Exercise objective: In the records below, find the line containing "袋を平らにならして具材を広げ、塩さばを袋に加える。". Output it and every line after it to the end, unchanged, with no pictures.

Data excerpts:

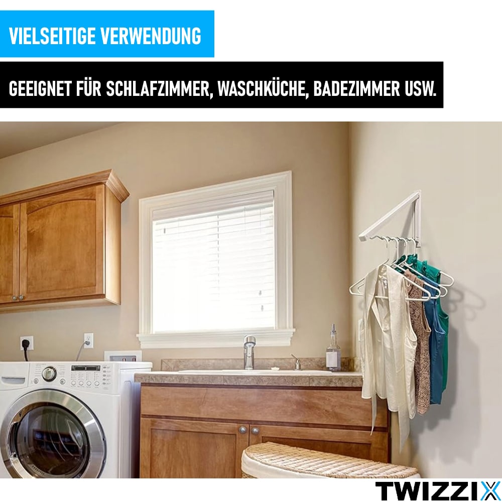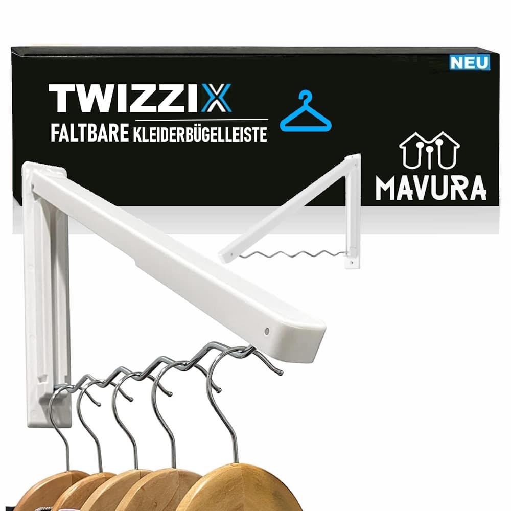 1 x MAVURA TWIZZIX, Faltbare Wand-Kleiderbügelleiste in Weiß
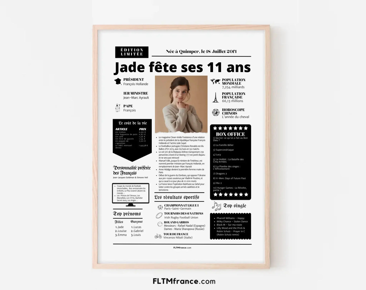 Cette affiche personnalisée des 11 ans est bien plus qu’un objet déco : c’est une capsule temporelle qui plonge ton enfant dans l’univers de son année de naissance – 2014. Une idée cadeau aussi belle que symbolique, à commander dès maintenant sur FLTMfrance.com.
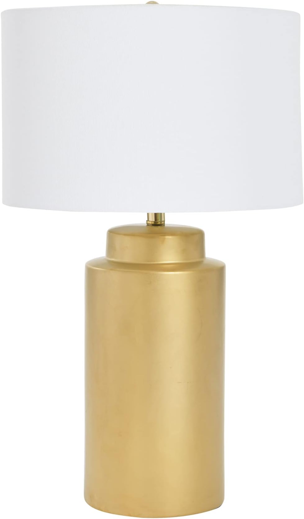 Creative Co-Op Stoneware Cream Linen Shade Table Lamp, Gold
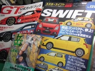 REV SPEEDのハイパーレブ スイフト、07年SuperGT公式ガイドブック、それと岳の4巻。次帰った時に持って帰るけど、早く読みたかったら自己確保する事。>親
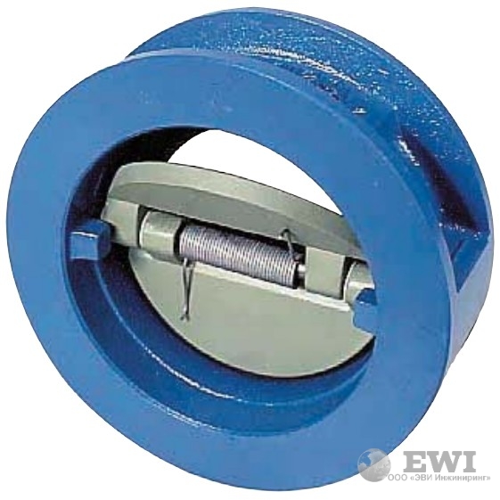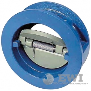 Корпус клапана изготовлен из ковкого чугуна GGG40 или литого чугуна GG25, диск — из нержавеющей стали AISI 316, латуни или ковкого чугуна GGG40, седло изготавливается из EPDM, NBR или FPM, вал — из нержавеющей стали AISI 304, пружина — из нержавеющей стали AISI 302. Присоединение — межфланцевое по PN10/16/25 и ANSI150. Диапазон рабочих температур — -40–+232 °C (в зависимости от материала седла).
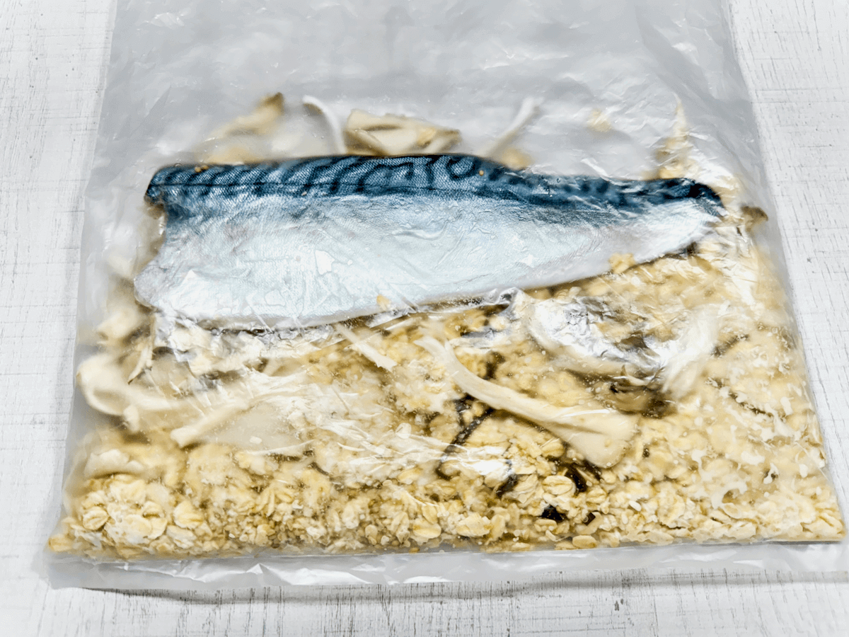 袋を平らにならして具材を広げ、塩さばを袋に加える。
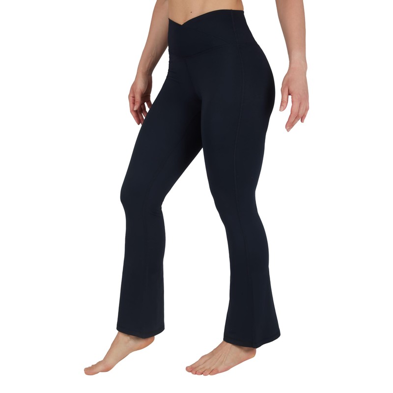 Yogalicious Womens High Waisted Flare Legging Squat Proof Yoga Bootcut Wide Leg Crossover Pant - Black - XL

Response area:
 袋を平らにならして具材を広げ、塩さばを袋に加える。
 Yogalicious Womens High Waisted Flare Legging Squat Proof Yoga Bootcut Wide Leg Crossover Pant - Black - XL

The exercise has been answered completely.